Pc Building Simulator 2 3dmark Calculator Fixed -

Today, we are happy to report: But what exactly was broken? How was it fixed? And how does this change your approach to the game? Let’s break it down. The Dark Ages: Why the Original Calculator Failed To understand the fix, you must first understand the bug. The 3DMark calculator in PCBS2 was designed to be a predictive tool. You input your components (CPU, GPU, RAM speed, storage type), and the calculator would estimate your 3DMark Fire Strike or Time Spy score before you even hit the power button.

With Patch 1.32, the developers have transformed the 3DMark calculator from a random number generator into a genuine engineering tool. It now accounts for thermal throttling, CPU bottlenecks, memory channels, and latency. It forces you to care about airflow. It punishes bad component pairings. In short, it does exactly what a simulator is supposed to do: teach you how real hardware works.

| Scenario | Old Calculator (v1.20) | Fixed Calculator (v1.32) | Actual In-Game 3DMark | Verdict | | :--- | :--- | :--- | :--- | :--- | | | 19,400 | 17,200 | 17,150 | Fixed: Accurate | | 360mm AIO, 6 Fans (Push/Pull) | 19,400 | 19,850 | 19,920 | Fixed: Accurate | | Stock Cooler, No Case Fans (Oven) | 19,400 | 9,850 | 9,700 | Fixed: Honest | pc building simulator 2 3dmark calculator fixed

On Reddit’s r/pcbuildingsimulator, the weekly “calculator wrong” posts have dropped to zero. In their place are posts asking for advanced strategies, like “Why does the calculator penalize my APU build?” (Answer: Shared memory bandwidth).

So, go ahead. Fire up PC Building Simulator 2. Update your game. Build that crazy i9-14900KS + RTX 4090 water-cooled monster. Open the 3DMark calculator. Today, we are happy to report: But what exactly was broken

As the table shows, the old calculator was utterly useless for thermal or airflow decisions. The new one is frighteningly accurate—often within 1% of the real in-game benchmark. Now that the 3DMark calculator is fixed, you should completely change how you play the career and free-building modes. For Career Mode (Repair & Build Jobs) Do not ignore the calculator anymore. When a client says, “I need a 15,000 3DMark score for video editing,” use the calculator before installing the parts. If the calculator shows 14,800, you know you need to upgrade the cooler or add a case fan. The fixed calculator prevents wasted time and failed job validation. For Overclocking Challenges The calculator now responds to voltage bumps. If you go into the BIOS (in-game) and increase your GPU core clock by +150MHz, the 3DMark calculator will instantly update. You can now “simulate” an overclock without running the 15-minute 3DMark loop. This makes extreme overclocking competitions in PCBS2 80% faster. For Budget Builds The fixed calculator is brutal but fair. If you try to save $50 by buying single-channel RAM, the calculator will show you exactly how many 3DMark points you lost. It turns the game into a true educational tool for real-world PC building. Community Reaction: “Finally, a Simulation Again” The fix has been live for roughly two months (as of this writing), and the sentiment has shifted from anger to relief.

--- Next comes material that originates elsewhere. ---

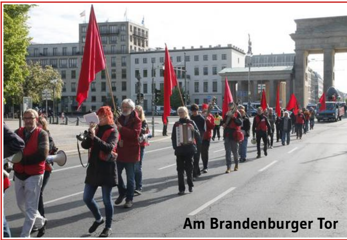
Am Brandenburger Tor

If you’ve spent any significant time with PC Building Simulator 2 (PCBS2), you know the rhythm: select a case, slot the RAM, cable manage until your eyes hurt, and then—the moment of truth. You boot up, install the OS, and run the in-game benchmarking tool. You hold your breath, waiting for that 3DMark score. Let’s break it down

When it tells you your score, believe it. It’s finally fixed.